Instructions to follow:
Start to finish, print the data below exactly, without the images.

The data:

>>

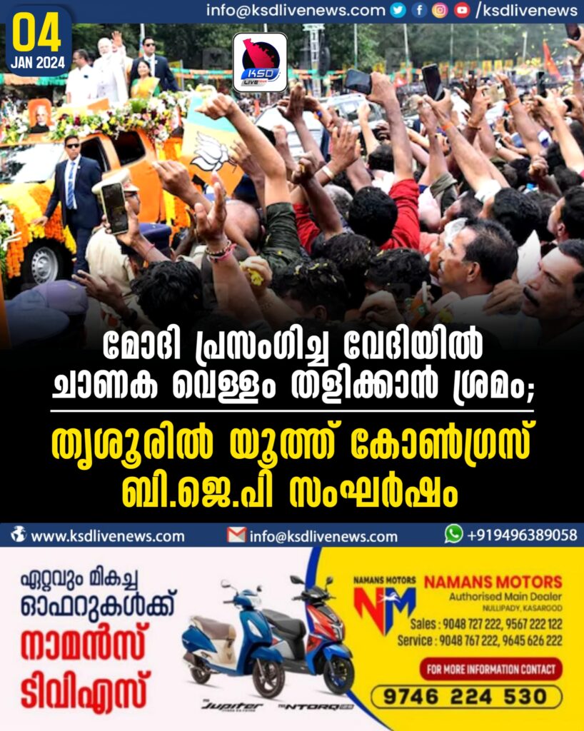 മോദി പ്രസംഗിച്ച വേദിയിൽ ചാണക വെള്ളം തളിക്കാൻ ശ്രമം; തൃശൂരിൽ യൂത്ത് കോൺഗ്രസ്-ബിജെപി സംഘർഷം
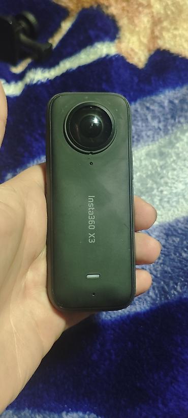 - Комплект на фото: камера Insta360 X3, аккумулятор, карта памяти microSD Insta360 64 ГБ, крепление‑площадка/адаптер под стандартный «гоупро» разъём.
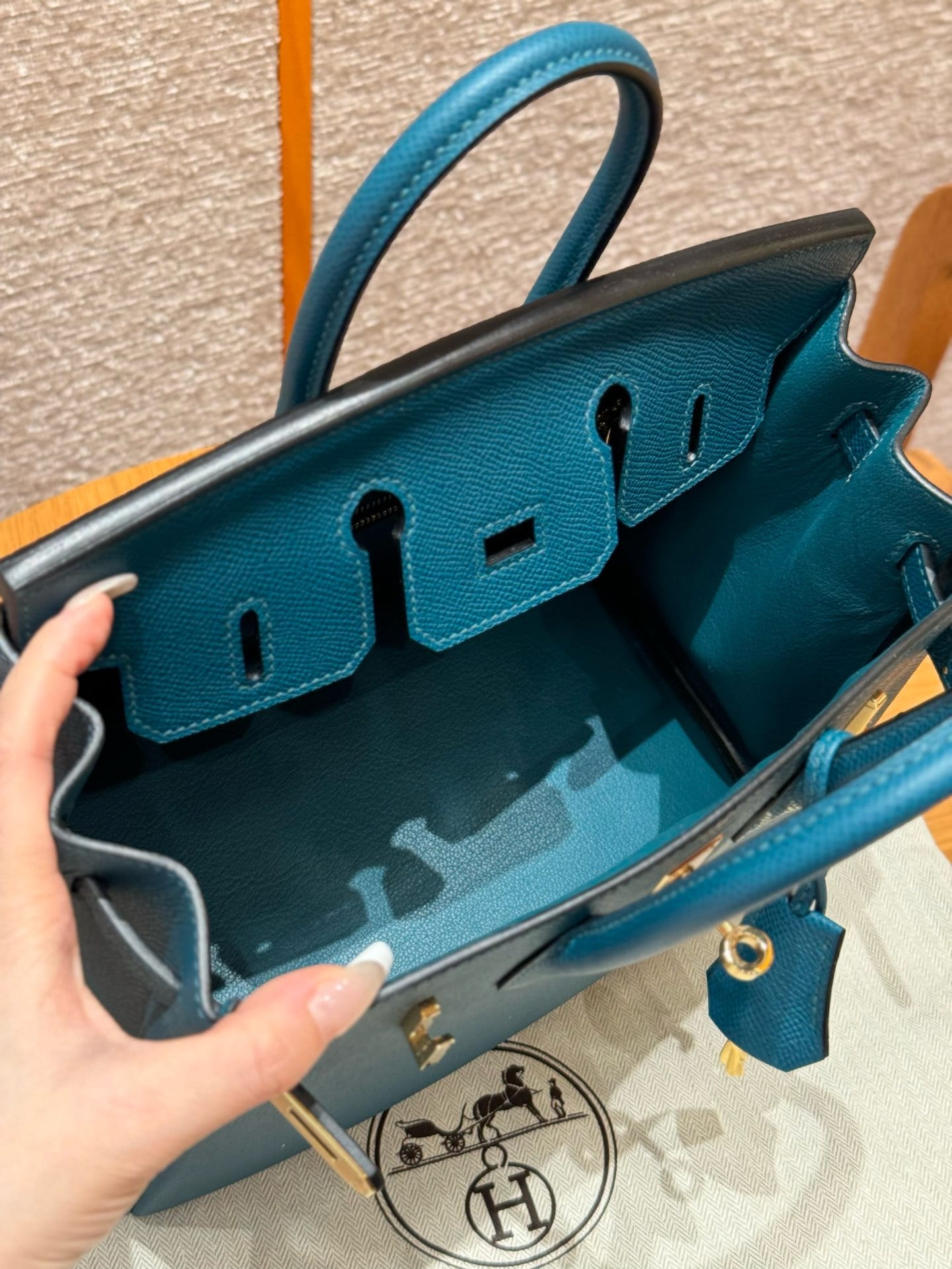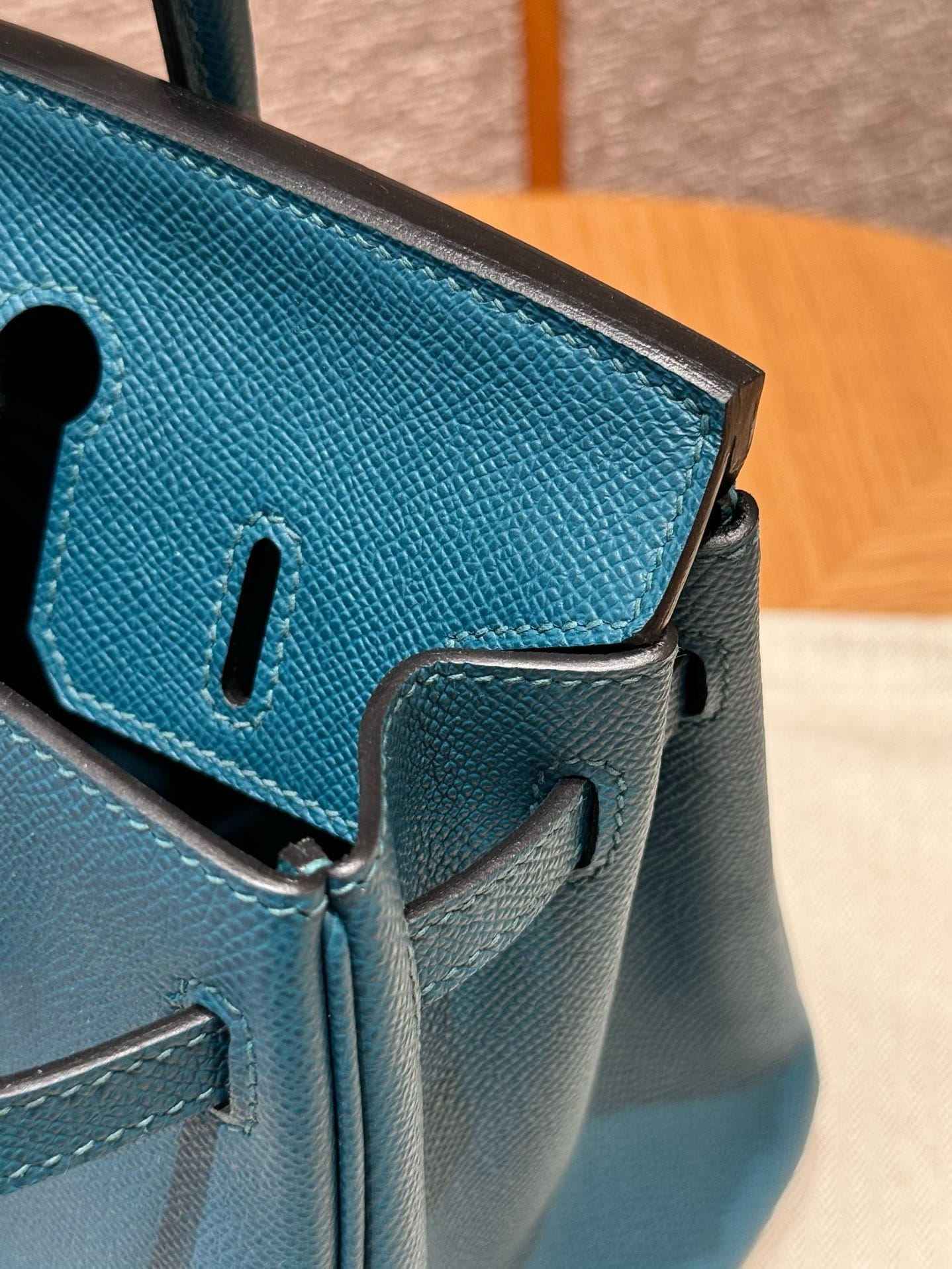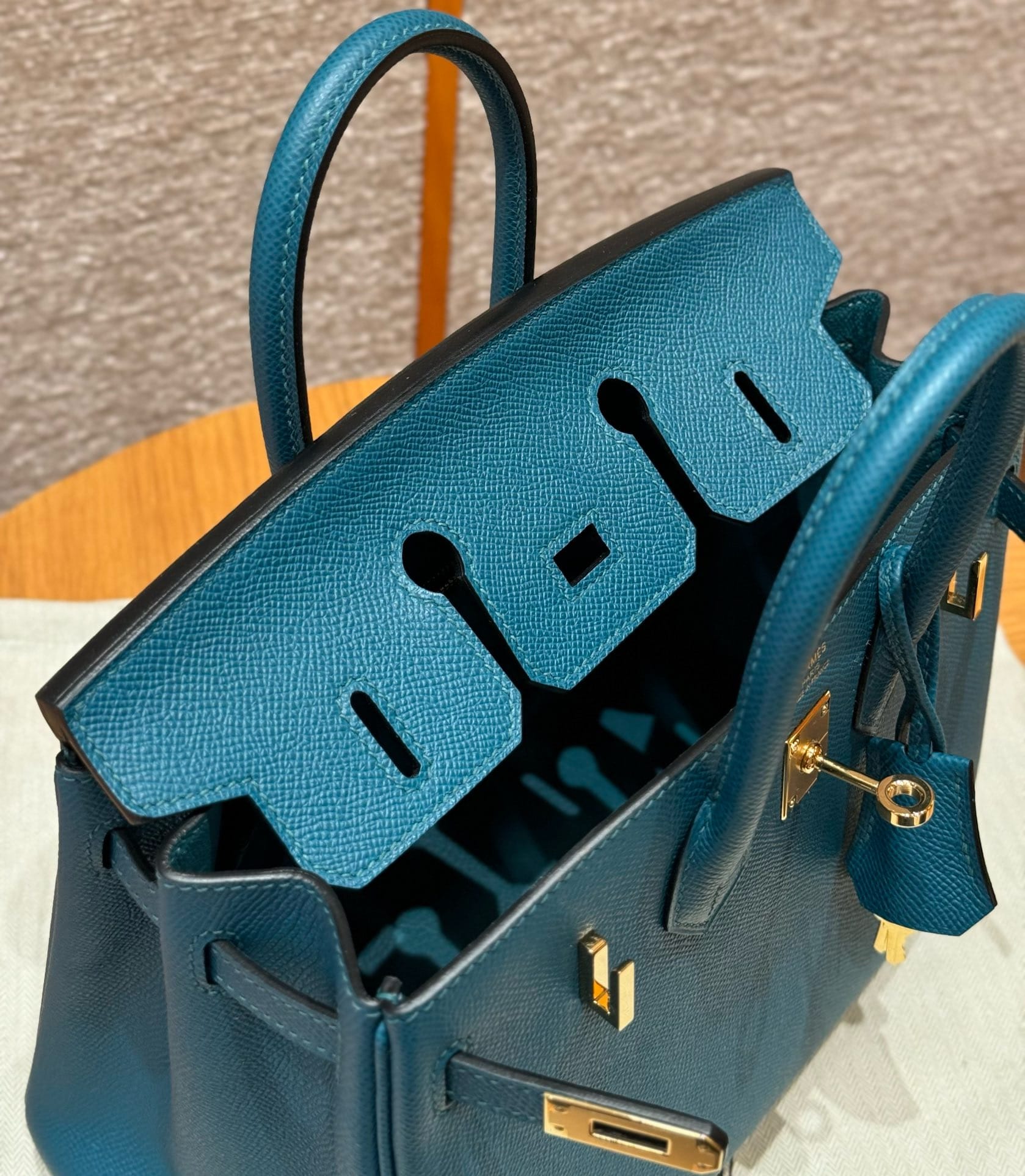 Birkin Hermes Epsom W0/Vert Bosphore gold

<<

Solution:
 മോദി പ്രസംഗിച്ച വേദിയിൽ ചാണക വെള്ളം തളിക്കാൻ ശ്രമം; തൃശൂരിൽ യൂത്ത് കോൺഗ്രസ്-ബിജെപി സംഘർഷം
 - Комплект на фото: камера Insta360 X3, аккумулятор, карта памяти microSD Insta360 64 ГБ, крепление‑площадка/адаптер под стандартный «гоупро» разъём.
 Birkin Hermes Epsom W0/Vert Bosphore gold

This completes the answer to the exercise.